## DIRECTIONS
Could you repeat, exactly and with no pictures, only the lines from the start of the records through the line containing "ROOM 230 D-type"?

### AVAILABLE DATA

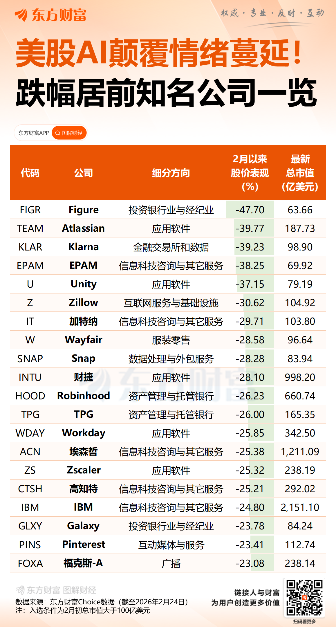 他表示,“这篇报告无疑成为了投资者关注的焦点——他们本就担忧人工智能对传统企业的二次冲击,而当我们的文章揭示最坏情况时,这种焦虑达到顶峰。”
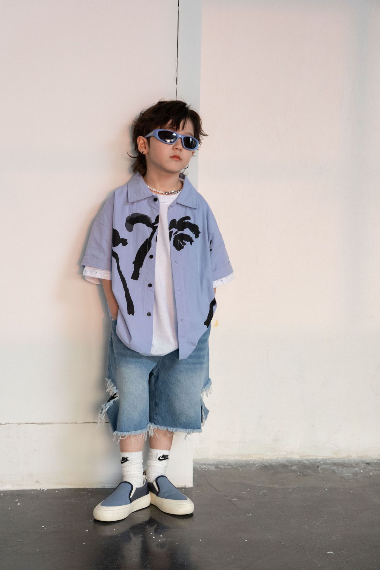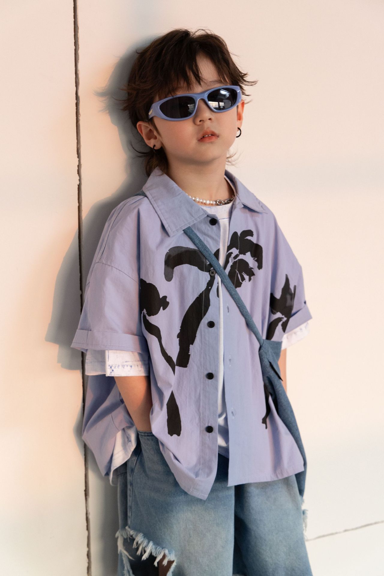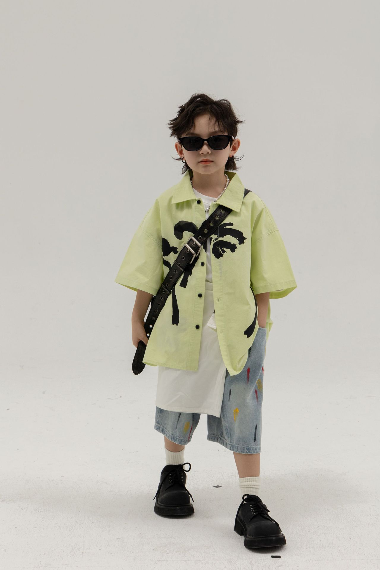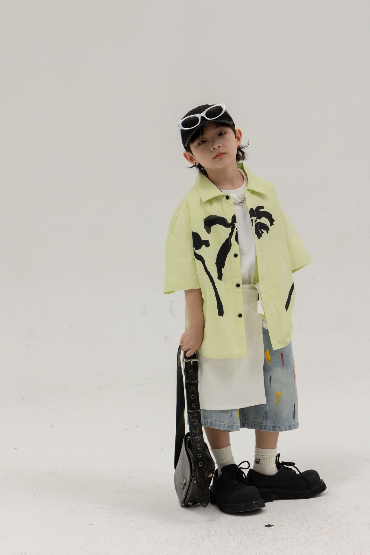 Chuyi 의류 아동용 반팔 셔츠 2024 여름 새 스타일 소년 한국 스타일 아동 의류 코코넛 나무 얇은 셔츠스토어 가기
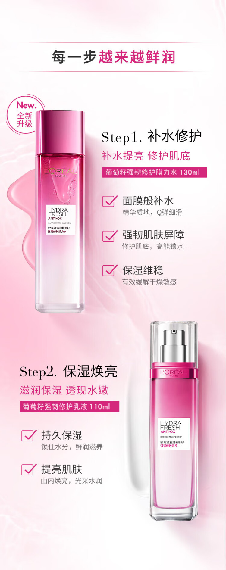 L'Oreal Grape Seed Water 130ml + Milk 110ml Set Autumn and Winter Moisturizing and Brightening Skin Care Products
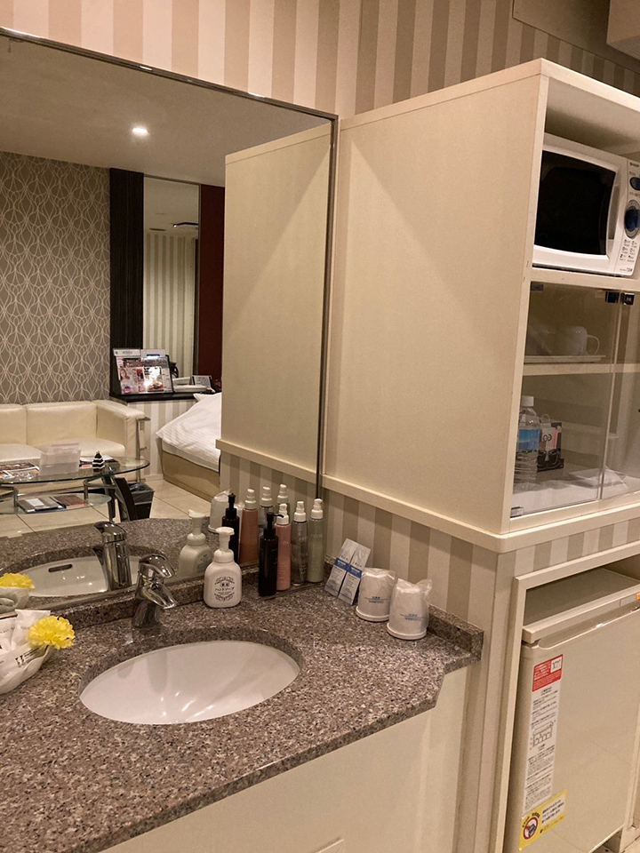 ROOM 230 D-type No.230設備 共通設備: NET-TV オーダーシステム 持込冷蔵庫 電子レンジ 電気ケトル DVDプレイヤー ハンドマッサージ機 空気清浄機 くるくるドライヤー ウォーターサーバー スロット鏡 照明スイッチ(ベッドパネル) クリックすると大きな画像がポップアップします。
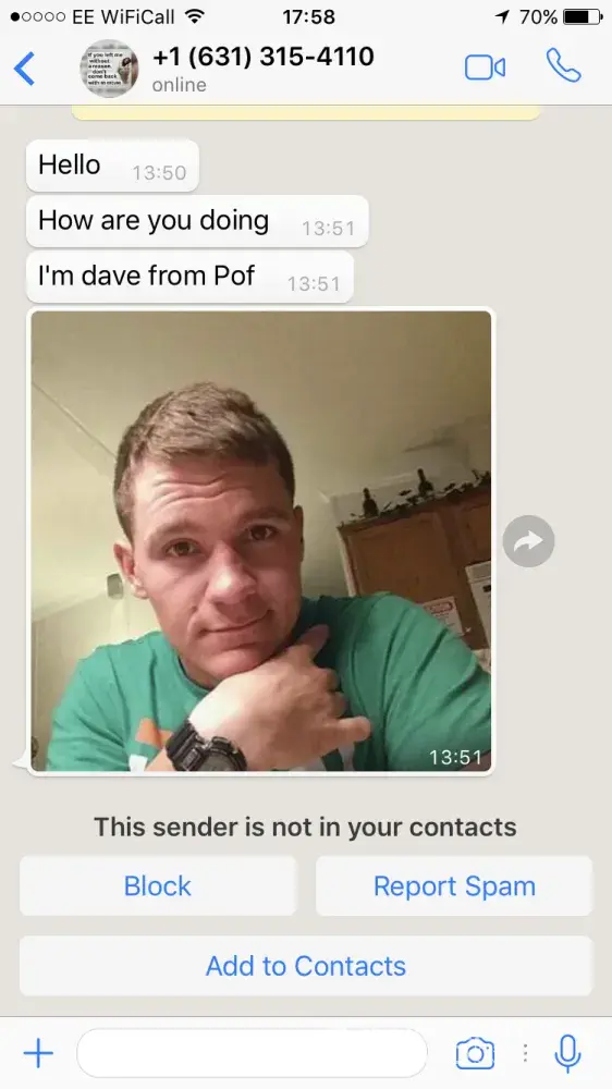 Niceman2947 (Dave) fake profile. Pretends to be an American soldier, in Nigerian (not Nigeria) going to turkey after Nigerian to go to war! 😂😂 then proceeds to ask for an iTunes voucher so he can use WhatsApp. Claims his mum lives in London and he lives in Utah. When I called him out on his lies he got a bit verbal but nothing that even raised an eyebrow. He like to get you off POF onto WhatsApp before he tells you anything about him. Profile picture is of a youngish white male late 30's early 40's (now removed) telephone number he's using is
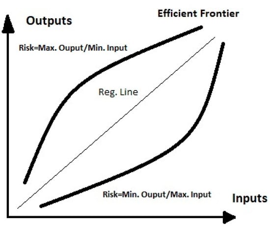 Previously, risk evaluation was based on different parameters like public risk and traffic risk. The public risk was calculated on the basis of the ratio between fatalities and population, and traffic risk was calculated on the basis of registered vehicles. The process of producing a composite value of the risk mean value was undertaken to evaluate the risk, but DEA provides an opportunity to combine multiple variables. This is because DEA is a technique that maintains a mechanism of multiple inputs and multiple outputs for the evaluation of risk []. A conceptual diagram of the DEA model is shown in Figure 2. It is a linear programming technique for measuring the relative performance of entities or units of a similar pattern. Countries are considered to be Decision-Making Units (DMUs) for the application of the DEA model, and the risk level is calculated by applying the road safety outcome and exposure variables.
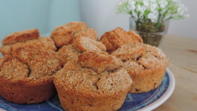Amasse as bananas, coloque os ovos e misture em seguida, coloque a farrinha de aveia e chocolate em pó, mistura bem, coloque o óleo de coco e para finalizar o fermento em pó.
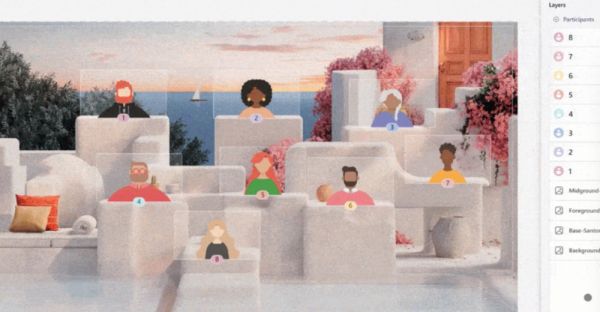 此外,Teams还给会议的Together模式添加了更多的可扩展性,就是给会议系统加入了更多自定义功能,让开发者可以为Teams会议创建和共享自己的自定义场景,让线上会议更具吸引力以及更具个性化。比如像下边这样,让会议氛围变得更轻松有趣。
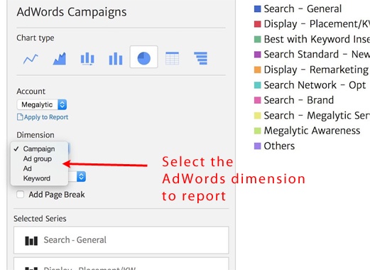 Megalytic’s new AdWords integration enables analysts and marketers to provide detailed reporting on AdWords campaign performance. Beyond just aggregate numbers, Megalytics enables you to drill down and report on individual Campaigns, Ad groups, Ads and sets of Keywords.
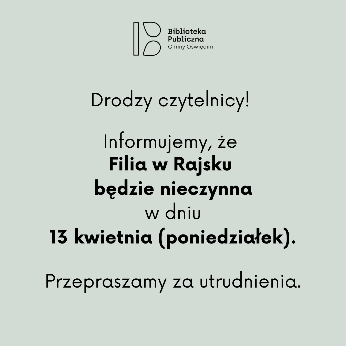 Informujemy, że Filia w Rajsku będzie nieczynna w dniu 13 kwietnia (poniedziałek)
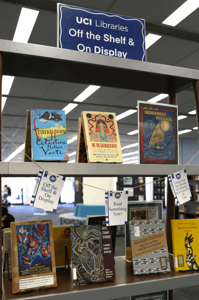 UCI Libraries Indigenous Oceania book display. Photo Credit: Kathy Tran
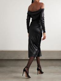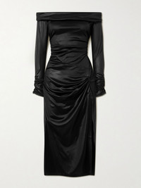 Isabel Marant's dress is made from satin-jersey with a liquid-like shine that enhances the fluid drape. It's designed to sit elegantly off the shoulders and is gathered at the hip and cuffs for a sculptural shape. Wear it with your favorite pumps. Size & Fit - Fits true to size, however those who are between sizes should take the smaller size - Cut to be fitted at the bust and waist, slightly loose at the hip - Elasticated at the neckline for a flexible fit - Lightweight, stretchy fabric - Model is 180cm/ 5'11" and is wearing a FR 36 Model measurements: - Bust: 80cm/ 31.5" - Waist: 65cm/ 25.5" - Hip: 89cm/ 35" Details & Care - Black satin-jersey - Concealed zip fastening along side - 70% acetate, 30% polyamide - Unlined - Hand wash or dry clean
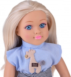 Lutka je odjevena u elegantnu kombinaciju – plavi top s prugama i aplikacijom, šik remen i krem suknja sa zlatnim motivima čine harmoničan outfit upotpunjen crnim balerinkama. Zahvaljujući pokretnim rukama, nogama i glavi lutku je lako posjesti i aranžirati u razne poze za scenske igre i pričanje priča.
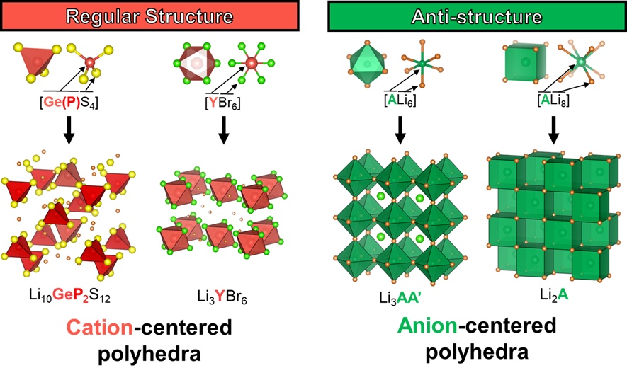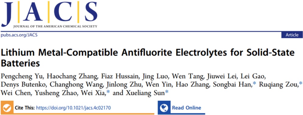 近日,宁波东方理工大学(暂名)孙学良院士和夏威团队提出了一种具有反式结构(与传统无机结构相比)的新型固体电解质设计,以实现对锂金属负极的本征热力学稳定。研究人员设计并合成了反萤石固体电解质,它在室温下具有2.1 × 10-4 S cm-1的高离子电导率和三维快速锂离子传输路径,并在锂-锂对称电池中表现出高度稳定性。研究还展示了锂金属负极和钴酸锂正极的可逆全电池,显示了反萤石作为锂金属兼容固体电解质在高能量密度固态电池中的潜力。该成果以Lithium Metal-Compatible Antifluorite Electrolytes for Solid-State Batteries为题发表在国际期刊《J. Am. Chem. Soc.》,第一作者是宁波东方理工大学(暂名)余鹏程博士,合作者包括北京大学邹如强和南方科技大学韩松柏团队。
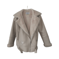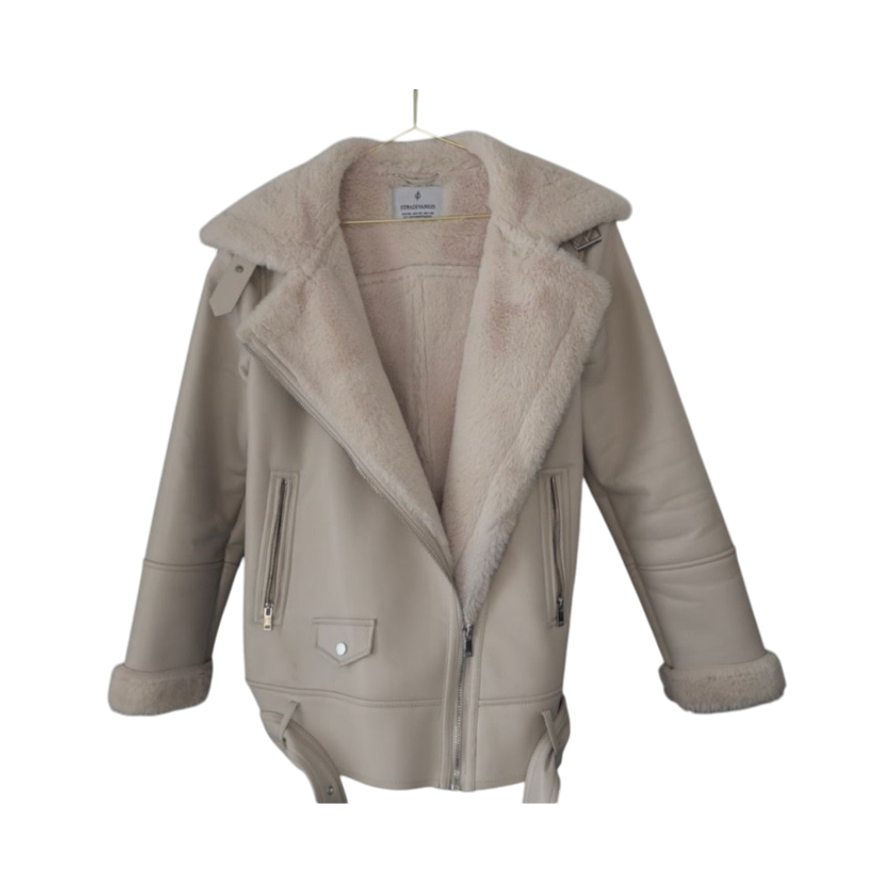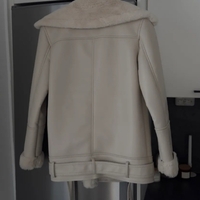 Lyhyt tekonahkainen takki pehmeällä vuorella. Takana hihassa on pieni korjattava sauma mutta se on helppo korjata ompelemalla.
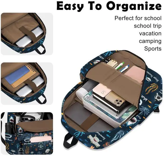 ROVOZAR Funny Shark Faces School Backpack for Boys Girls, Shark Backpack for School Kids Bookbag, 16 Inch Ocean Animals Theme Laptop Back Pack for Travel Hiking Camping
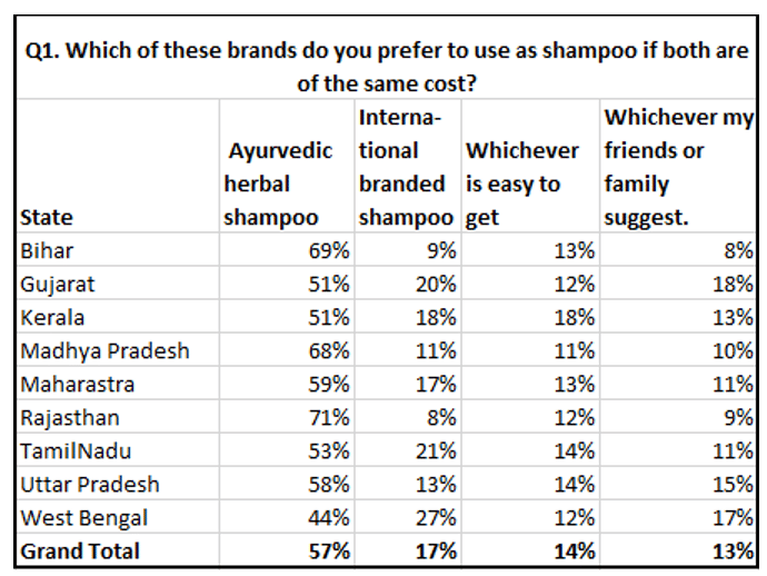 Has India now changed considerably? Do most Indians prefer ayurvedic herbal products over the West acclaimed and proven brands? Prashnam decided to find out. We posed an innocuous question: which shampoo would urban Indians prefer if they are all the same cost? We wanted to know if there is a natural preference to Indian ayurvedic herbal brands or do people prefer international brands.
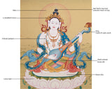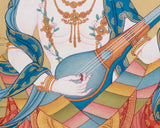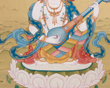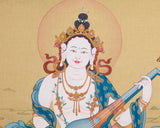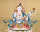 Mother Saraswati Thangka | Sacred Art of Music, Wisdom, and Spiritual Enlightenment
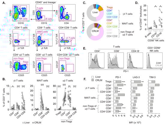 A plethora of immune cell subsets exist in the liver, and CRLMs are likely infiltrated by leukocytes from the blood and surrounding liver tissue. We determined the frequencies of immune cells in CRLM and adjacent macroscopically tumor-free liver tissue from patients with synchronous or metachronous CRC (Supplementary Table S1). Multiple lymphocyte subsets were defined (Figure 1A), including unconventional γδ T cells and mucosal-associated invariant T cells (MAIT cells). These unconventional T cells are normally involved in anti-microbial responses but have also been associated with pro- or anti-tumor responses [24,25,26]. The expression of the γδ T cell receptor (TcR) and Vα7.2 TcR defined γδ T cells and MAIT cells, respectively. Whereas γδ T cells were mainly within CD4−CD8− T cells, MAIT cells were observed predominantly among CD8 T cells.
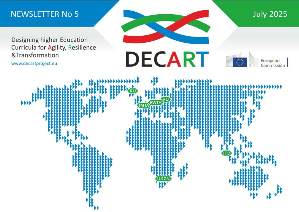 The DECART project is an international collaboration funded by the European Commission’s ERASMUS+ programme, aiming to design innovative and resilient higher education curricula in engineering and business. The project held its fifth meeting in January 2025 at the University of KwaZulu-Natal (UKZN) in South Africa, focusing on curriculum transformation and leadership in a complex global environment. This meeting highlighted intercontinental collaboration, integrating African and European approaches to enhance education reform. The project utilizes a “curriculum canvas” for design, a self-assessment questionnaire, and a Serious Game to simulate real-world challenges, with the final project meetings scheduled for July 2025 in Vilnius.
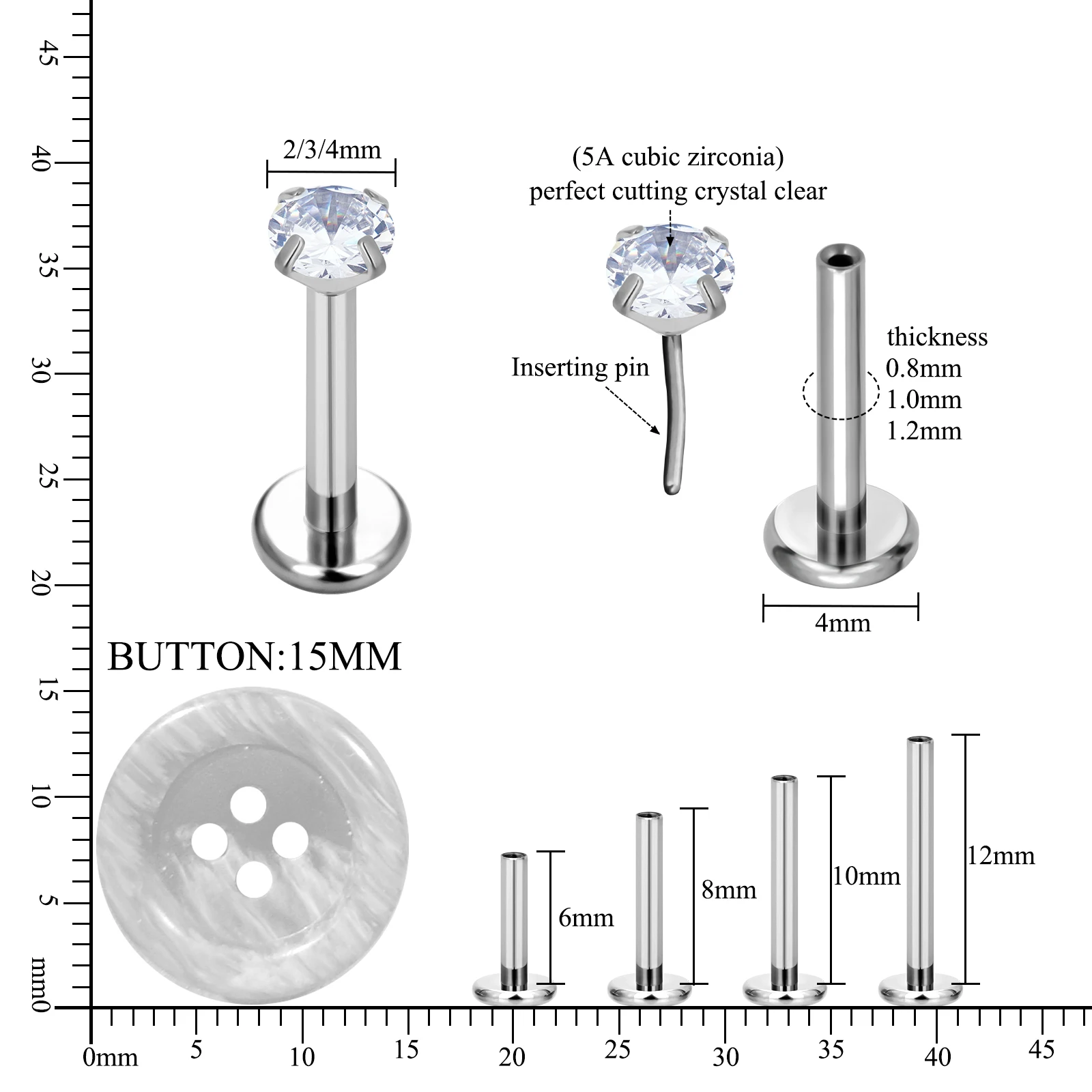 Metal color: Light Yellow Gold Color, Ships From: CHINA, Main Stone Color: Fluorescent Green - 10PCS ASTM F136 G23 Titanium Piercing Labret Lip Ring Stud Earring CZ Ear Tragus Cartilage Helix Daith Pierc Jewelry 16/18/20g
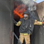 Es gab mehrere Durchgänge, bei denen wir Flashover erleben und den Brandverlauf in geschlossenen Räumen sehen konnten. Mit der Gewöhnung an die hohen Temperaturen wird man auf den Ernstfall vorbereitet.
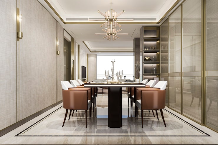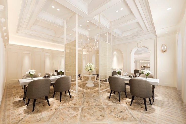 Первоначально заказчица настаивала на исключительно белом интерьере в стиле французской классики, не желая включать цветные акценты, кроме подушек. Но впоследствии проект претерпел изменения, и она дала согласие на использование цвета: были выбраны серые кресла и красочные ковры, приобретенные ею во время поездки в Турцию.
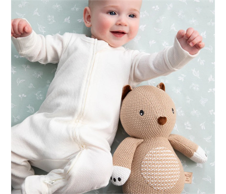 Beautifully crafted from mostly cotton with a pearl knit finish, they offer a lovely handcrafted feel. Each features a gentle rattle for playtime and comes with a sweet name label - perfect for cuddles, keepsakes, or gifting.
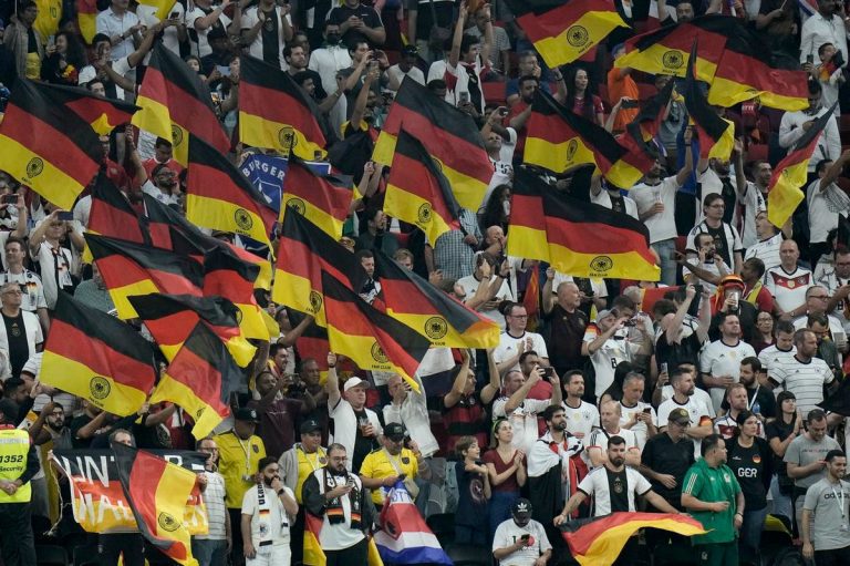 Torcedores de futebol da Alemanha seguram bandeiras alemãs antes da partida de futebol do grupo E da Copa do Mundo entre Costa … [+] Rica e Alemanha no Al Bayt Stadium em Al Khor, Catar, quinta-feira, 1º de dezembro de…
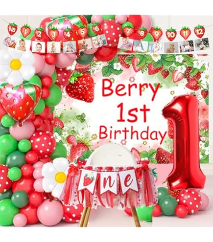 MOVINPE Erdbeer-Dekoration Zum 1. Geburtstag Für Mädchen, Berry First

######

## SOLVED EXERCISE
 他表示,“这篇报告无疑成为了投资者关注的焦点——他们本就担忧人工智能对传统企业的二次冲击,而当我们的文章揭示最坏情况时,这种焦虑达到顶峰。”
 Chuyi 의류 아동용 반팔 셔츠 2024 여름 새 스타일 소년 한국 스타일 아동 의류 코코넛 나무 얇은 셔츠스토어 가기
 L'Oreal Grape Seed Water 130ml + Milk 110ml Set Autumn and Winter Moisturizing and Brightening Skin Care Products
 ROOM 230 D-type No.230設備 共通設備: NET-TV オーダーシステム 持込冷蔵庫 電子レンジ 電気ケトル DVDプレイヤー ハンドマッサージ機 空気清浄機 くるくるドライヤー ウォーターサーバー スロット鏡 照明スイッチ(ベッドパネル) クリックすると大きな画像がポップアップします。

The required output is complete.